I want to perform eight parallel adds of 16bit values using AVX SIMD. Addition **with overflow** is required, i.e. ‘add with carry’ like it is performed with the old “adc” x86 mnemonic.

I implemented 50 percent of the AVX solution myself, the carry handling, also performed by AVX instructions, is missing. My current solution:

```
typedef union _uint16vec uint16vec, *uint16vec_ptr;
union __attribute__((aligned(16))) _uint16vec
{
__m128i x;
uint16_t y[8];
};
__m128i parallel_add_with_carry ( __m128i n1, __m128i n2 )
{
volatile uint16vec res, stupid_carry;
uint32_t i;
stupid_carry.x = n1; /* load 8x uint16_t for carry adjustment below */
__asm__
(
"movdqa %1, %%xmm0 nt"
"movdqa %2, %%xmm1 nt"
"vpaddw %%xmm0, %%xmm1, %%xmm0 nt"
"movdqa %%xmm0, %0 nt"
: "=m" (res.x) /* output */
: "m" (n1), "m" (n2) /* inputs */
: "xmm0", "xmm1" /* GCC, please clobber XMM0 and XMM1 */
);
/* if each of the eight uint16_t in the result is lesser than
* the previous value, then we have the overflow situation...
*/
for (i=0;i<8;i++)
res.y[i] += (res.y[i] < stupid_carry.y[i]) ? 1 : 0;
return res.x;
}
void test ( void )
{
uint16vec v1 = {0}, v2 = {0}, res;
v1.y[0] = 0x000A; v2.y[0] = 0x0014; /* 10+20 = 30 (0x001E), no overflow */
v1.y[1] = 0xFFF0; v2.y[1] = 0x0013; /* 0xFFF0 + 0x0013 = 0x0003 -> overflow -> 0x0004 */
res.x = parallel_add_with_carry(v1.x, v2.x);
fprintf(stdout,"%04X | %04Xn", res.y[0], res.y[1]);
}
```

The GCC-emitted object code of the function’s epilogue is terrible (even with -O3). My question is if there is a better AVX-supported solution for the ‘add with carry’ problem?

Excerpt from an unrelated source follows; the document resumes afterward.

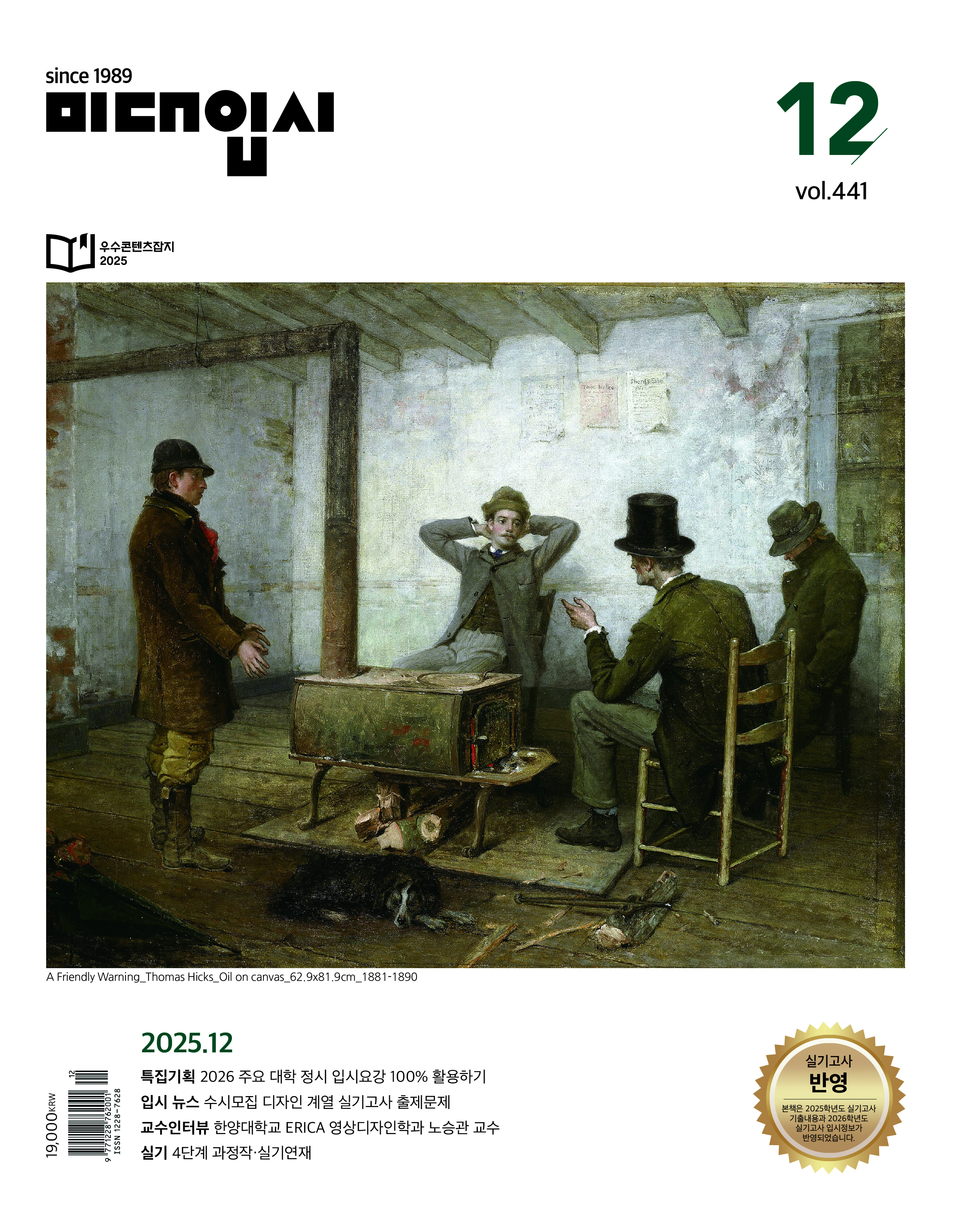 2026년 01월호 정가 19,000 원 할인가 17,100 원 2025년 12월호 정가 19,000 원 할인가 17,100 원 2025년 11월호 정가 19,000 원 할인가 17,100 원 2025년 10월호 정가 19,000 원 할인가 17,100 원 단행본 구매 2026학년도 정시모집 진학백과 정가 20,000원 할인가 18,000 원 2026학년도 수시모집 진학백과 정가 18,000원 할인가 16,200 원 2026학년도 미술·디자인·만화애니 계열 진.. 정가 20,000원 할인가 18,000 원 2025학년도 정시모집 진학백과 정가 20,000원 할인가 18,000 원 2025학년도 수시모집 진학백과 정가 18,000원 할인가 16,200 원 2025학년도 미술·디자인·만화애니 계열 진.. 정가 20,000원 할인가 18,000 원 2024학년도 정시모집 진학백과 정가 20,000원 할인가 18,000 원 2024학년도 미술대학 수시모집 진학백과 정가 18,000원 할인가 16,200 원 2024학년도 진학상담 가이드북 정가 20,000원 할인가 18,000 원 2023학년도 교사용 진학백과 정가 120,000원 할인가 80,000 원 2023학년도 미술대학 정시모집 진학자료집 정가 20,000원 할인가 18,000 원 2023학년도 미술대학 수시모집 진학자료집 정가 15,000원 할인가 13,500 원 2023학년도 미술 디자인대학 입시대비 핵심.. 정가 15,000원 할인가 13,500 원 2022학년도 교사용 진학백과 정가 90,000원 할인가 81,000 원 2022학년도 미술디자인대학 정시모집 진학백.. 정가 20,000원 할인가 18,000 원 2022학년도 미술대학 수시모집 진학자료집 정가 15,000원 할인가 13,500 원 2021학년도 미술디자인대학 정시모집 진학백.. 정가 20,000원 할인가 18,000 원 2021학년도 미술대학 수시모집 진학자료집 정가 15,000원 할인가 13,500 원 2021 교사용 진학백과 정가 90,000원 할인가 81,000 원 2021학년도 미술 디자인대학 입시대비 핵심.. 정가 15,000원 할인가 13,500 원
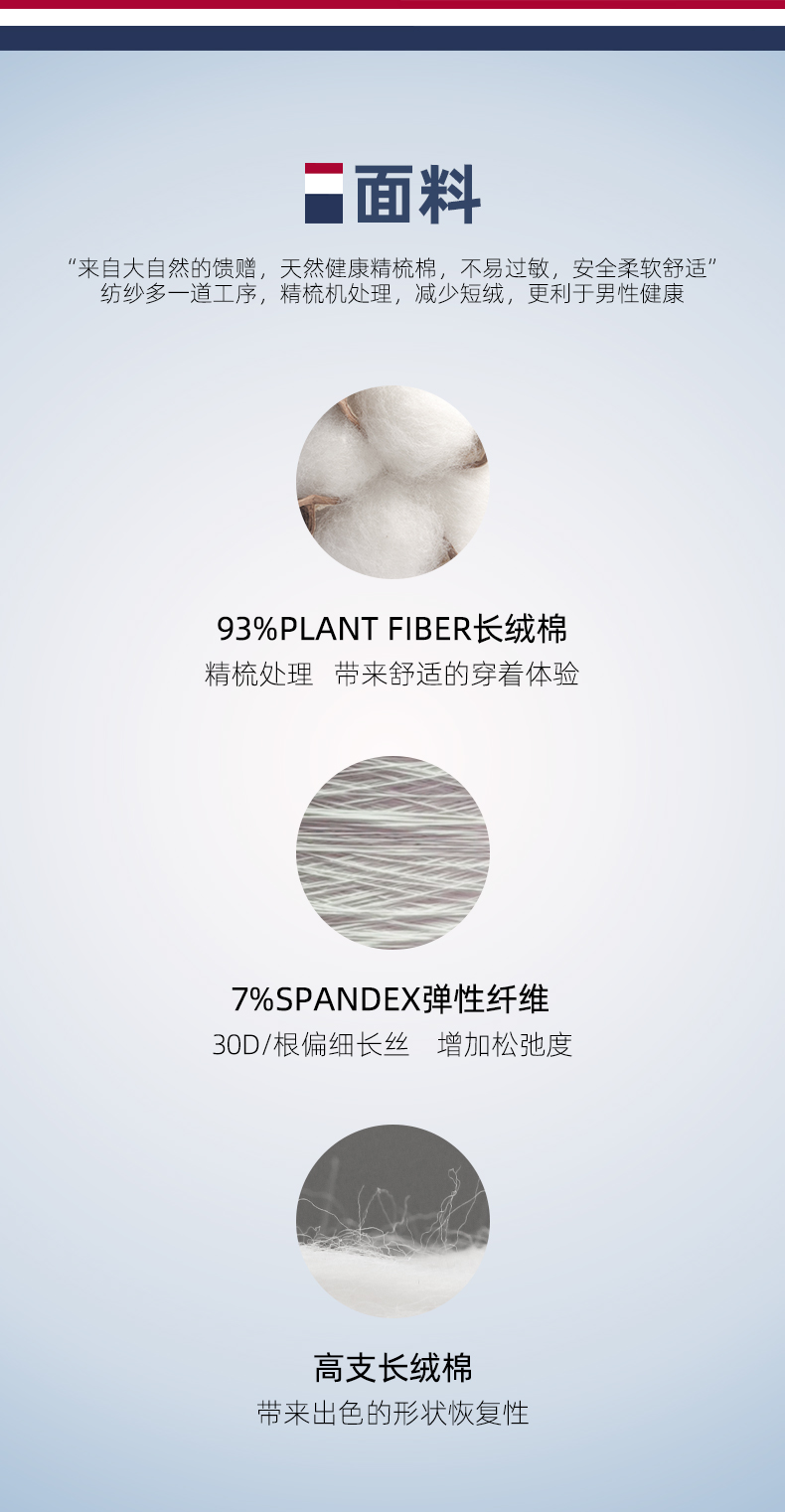 面料为93%精梳长绒棉+7%弹力纤维混纺,拥有非常好的弹力,贴身舒适不紧绷,另外60支相比40支纱线更细,面料编织更紧密,更加轻薄透气。触感非常柔滑、透气、垂感好,非常适合夏季穿着。

- May the ‘vpcmp<CC>uw’ compare instruction with <CC>=LT (lesser than) help?
- How can I use these ‘K’ (mask) registers (K0..K7) for that?

My idea was to provide a 128bit vector { 0x0001,0x0001,…,0x0001} as a 128bit temporary variable adding this (the carry vector) to the eight uint16_t’s if and only if the preceding compare operation resulted in a ‘lesser than’ for specific uint16_t in the 128bit vector.

I browsed the Intel documentation and found nice add instructions that just copy source parts of the vector if a condition is met.

Support with this ‘AVX thing’ is highly appreciated. Thanks.